How Different Structures Achieve Compliance
In Diminishing Musharaka models, the bank and investor jointly purchase the property. The investor gradually acquires the bank's equity share over time. The bank's return comes from their ownership share, not from lending.
Under Ijara structures, the bank purchases the property and leases it to the investor. Monthly payments contribute toward eventual ownership. The bank's return comes from legitimate rental income on an asset they own.
Murabaha involves the bank purchasing the property and reselling it to the investor at a pre-agreed markup. The total gets paid in instalments. The bank's profit comes from trade, which is buying and selling an asset, not from lending money.
Core Principles Beyond Interest Prohibition
Islamic finance prohibits investment in non-compliant industries like alcohol, gambling, and interest-based finance. It requires equitable risk-reward distribution. Verify that your Islamic mortgage provider doesn't invest in prohibited sectors. Check that their profit shares reflect genuine partnership economics rather than disguised interest.
Regulatory Compliance and Institutional Standards
Sharia-compliant products in the UK operate within the same regulatory framework as conventional institutions. They're regulated by the FCA and PRA. Deposits are protected by the FSCS. For international investors, this means Islamic finance products in the UK offer both religious compliance and institutional-grade regulatory protection; a combination that's harder to find in less developed markets.
Eligibility and Application Process
Islamic mortgages require similar documentation to conventional mortgages. There are some additional requirements depending on the structure and institution.
Standard Eligibility Criteria
Most Islamic mortgage providers require:
Proof of income (employment contracts, tax returns, bank statements)
Credit history and score (though some institutions are more flexible on this)
Deposit of 20 to 50% depending on property type and your residency status
Proof of residency or visa status (particularly relevant for international investors)
Debt-service coverage ratios typically 40 to 50% of gross income
International investors face stricter requirements. UK institutions may require UK bank accounts, employment contracts, or credit history. UAE institutions often require UAE residency visas, though some work with pure non-residents at higher deposit requirements.
Documentation Requirements
Prepare comprehensive documentation:
Passport and proof of address
Last 3 to 6 months' bank statements
Employment contracts or business ownership documentation
Tax returns (last 2 to 3 years for self-employed investors)
Source of deposit funds documentation (particularly important for international transfers)
Existing property portfolio details (if applicable)
Islamic finance institutions often require additional documentation about the property itself. They're purchasing or co-purchasing the asset, so they conduct their own due diligence on property value, condition, and marketability.
Application Timeline
Islamic mortgage applications typically take 4 to 8 weeks from initial application to offer. Similar to conventional mortgages. However, the process can extend longer for international investors due to additional verification requirements.
Factor this timeline into your property acquisition strategy.
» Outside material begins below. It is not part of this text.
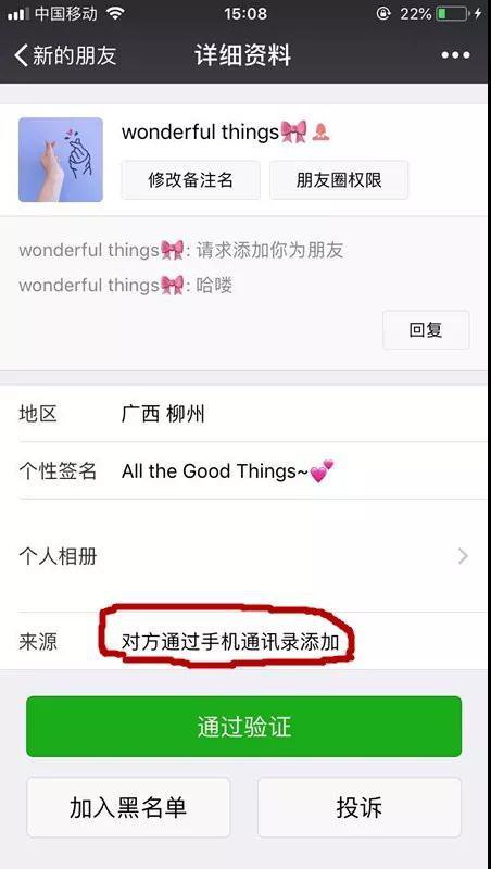 或者 " 通過手機(jī)通訊錄 " 添加的申請,實(shí)際上是騙子使用一種軟件,把經(jīng)地下渠道收集到的眾多手機(jī)號碼自動存入自己的手機(jī)通訊錄,然后由微信自動匹配發(fā)出好友申請,迷惑性極強(qiáng)。
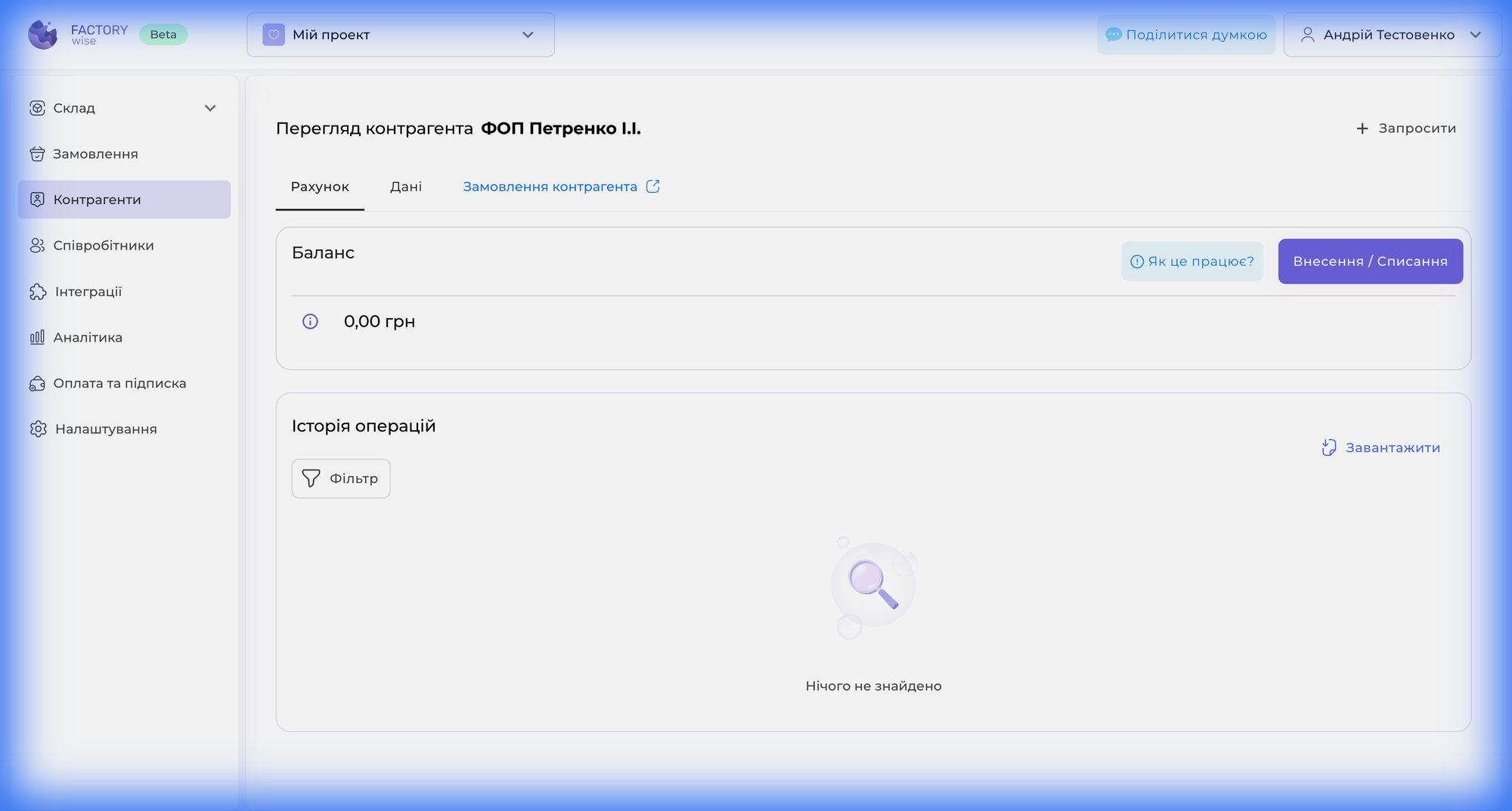 Перейдіть на сторінку створеного контрагента. Тут відображатиметься його поточний баланс, контактні дані та майбутня історія всіх замовлень і транзакцій.

Particularly for competitive markets where quick financing approval provides negotiating advantages.
Property Eligibility and Restrictions
Not all properties qualify for Islamic finance. Most institutions restrict financing to:
Residential properties in approved areas (freehold zones in the UAE, no restrictions in the UK)
Properties in good condition that can generate rental income
Properties meeting minimum and maximum value thresholds
Some Islamic institutions avoid properties previously used for prohibited purposes (pubs, gambling establishments) or properties where prohibited activities occur in the building. Verify property eligibility before committing to purchase.
Cost Analysis and Financial Comparisons
Understanding the total cost of Islamic mortgage financing is essential for accurate return calculations and portfolio planning.
Components of Islamic Mortgage Costs
Total financing costs typically include:
Monthly Profit Payment: The institution's return, calculated as rent (Ijara), profit share (Musharaka), or markup component (Murabaha). This is functionally equivalent to mortgage interest.
Arrangement Fees: Upfront fees for establishing the financing, typically 1 to 2% of the financed amount.
Valuation Fees: The institution conducts property valuation to determine appropriate financing levels.
Legal Fees: Higher than conventional mortgages in some jurisdictions due to complex partnership or sale documentation.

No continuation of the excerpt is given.